Required work: Give the data again exactly as written, without any of its pictures.

Dataset entries:
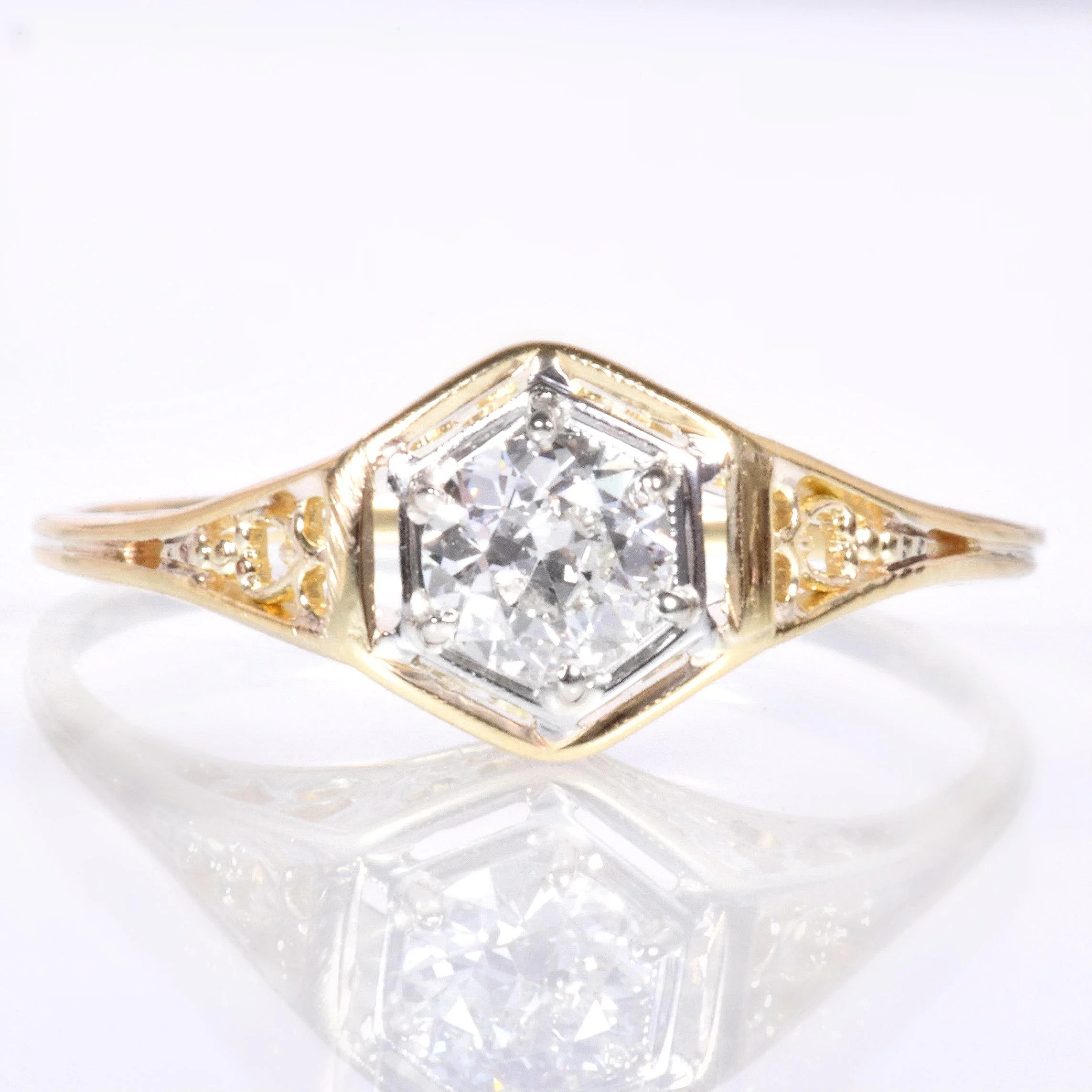 Antique Engagement Ring - Antique Edwardian 14k Two-Tone Gold Diamond Engagement Ring
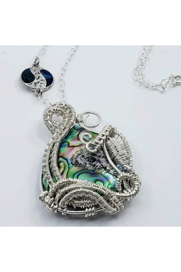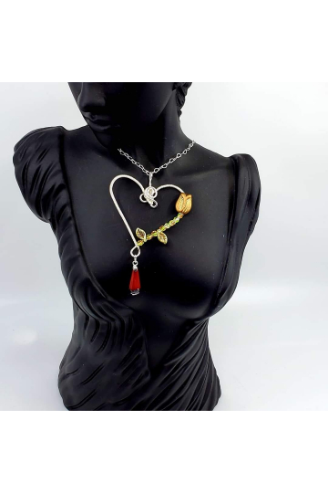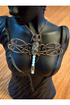 Stunning artisan wire art dragonfly pendant, designed with pantina copper wire, tiger'seye gemstone labradorite gemstone and blue lace agates. Measures. 3.75" x 4.53" wide. Comes with free ball chain. Necklace.
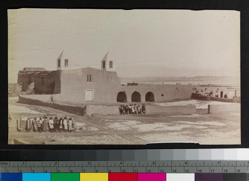 Image of the Pueblo of Isleta, a church can be seen in the background.
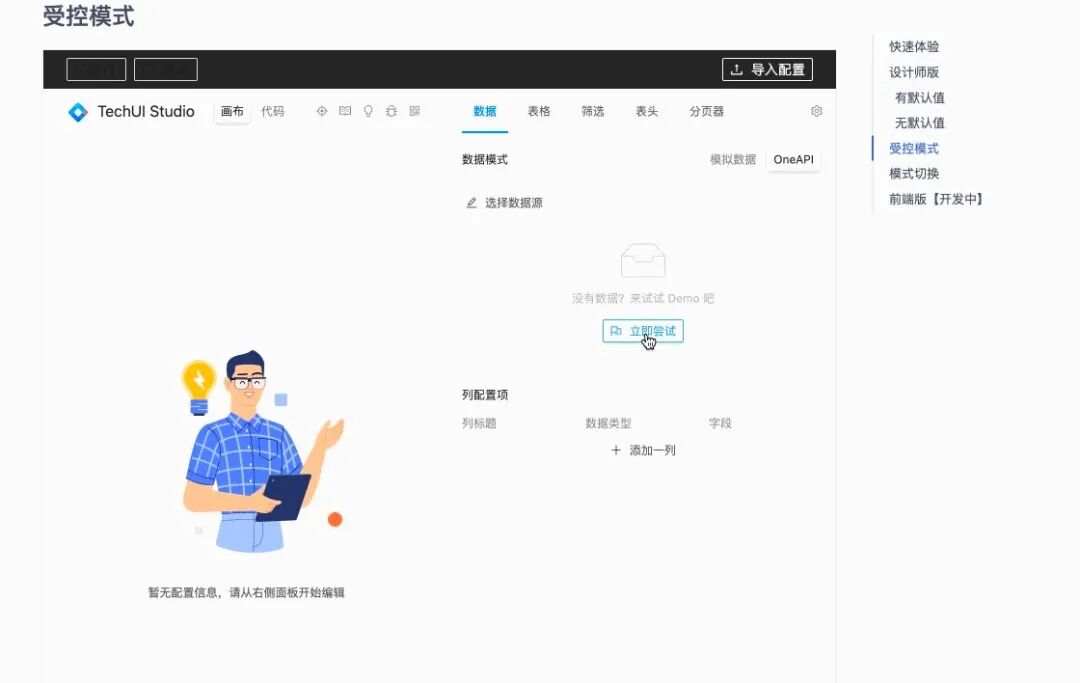 // ProEditor 外部消费的 Demo 示意export default () => { const [status, setStatus] = useState(); const { config, getState } = useState(); return ( <ProEditor // config 和 onConfigChange 是一对 config={config} onConfigChange={({ config }) => { setConfig(config); }} // interaction 和 onInteractionChange 是另一对受控 interaction={status} onInteractionChange={(s) => { setStatus(s); }} /> );}但当我们一开始写好这个受控 api,得到结果是这样的:
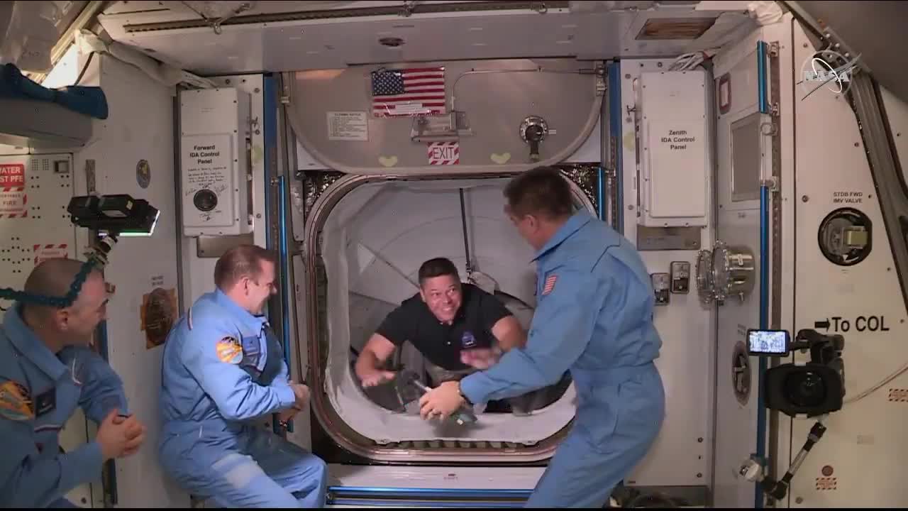 对接发生在美国东部时间周日上午10点29分左右,本肯和赫尔利离开飞船之前等待了一段时间。两位宇航员在美国东部时间下午12点45分左右打开舱门。大约30分钟后,驻留在空间站上的宇航员为他们举行了小型欢迎仪式。

Answer area:
 Antique Engagement Ring - Antique Edwardian 14k Two-Tone Gold Diamond Engagement Ring
 Stunning artisan wire art dragonfly pendant, designed with pantina copper wire, tiger'seye gemstone labradorite gemstone and blue lace agates. Measures. 3.75" x 4.53" wide. Comes with free ball chain. Necklace.
 Image of the Pueblo of Isleta, a church can be seen in the background.
 // ProEditor 外部消费的 Demo 示意export default () => { const [status, setStatus] = useState(); const { config, getState } = useState(); return ( <ProEditor // config 和 onConfigChange 是一对 config={config} onConfigChange={({ config }) => { setConfig(config); }} // interaction 和 onInteractionChange 是另一对受控 interaction={status} onInteractionChange={(s) => { setStatus(s); }} /> );}但当我们一开始写好这个受控 api,得到结果是这样的:
 对接发生在美国东部时间周日上午10点29分左右,本肯和赫尔利离开飞船之前等待了一段时间。两位宇航员在美国东部时间下午12点45分左右打开舱门。大约30分钟后,驻留在空间站上的宇航员为他们举行了小型欢迎仪式。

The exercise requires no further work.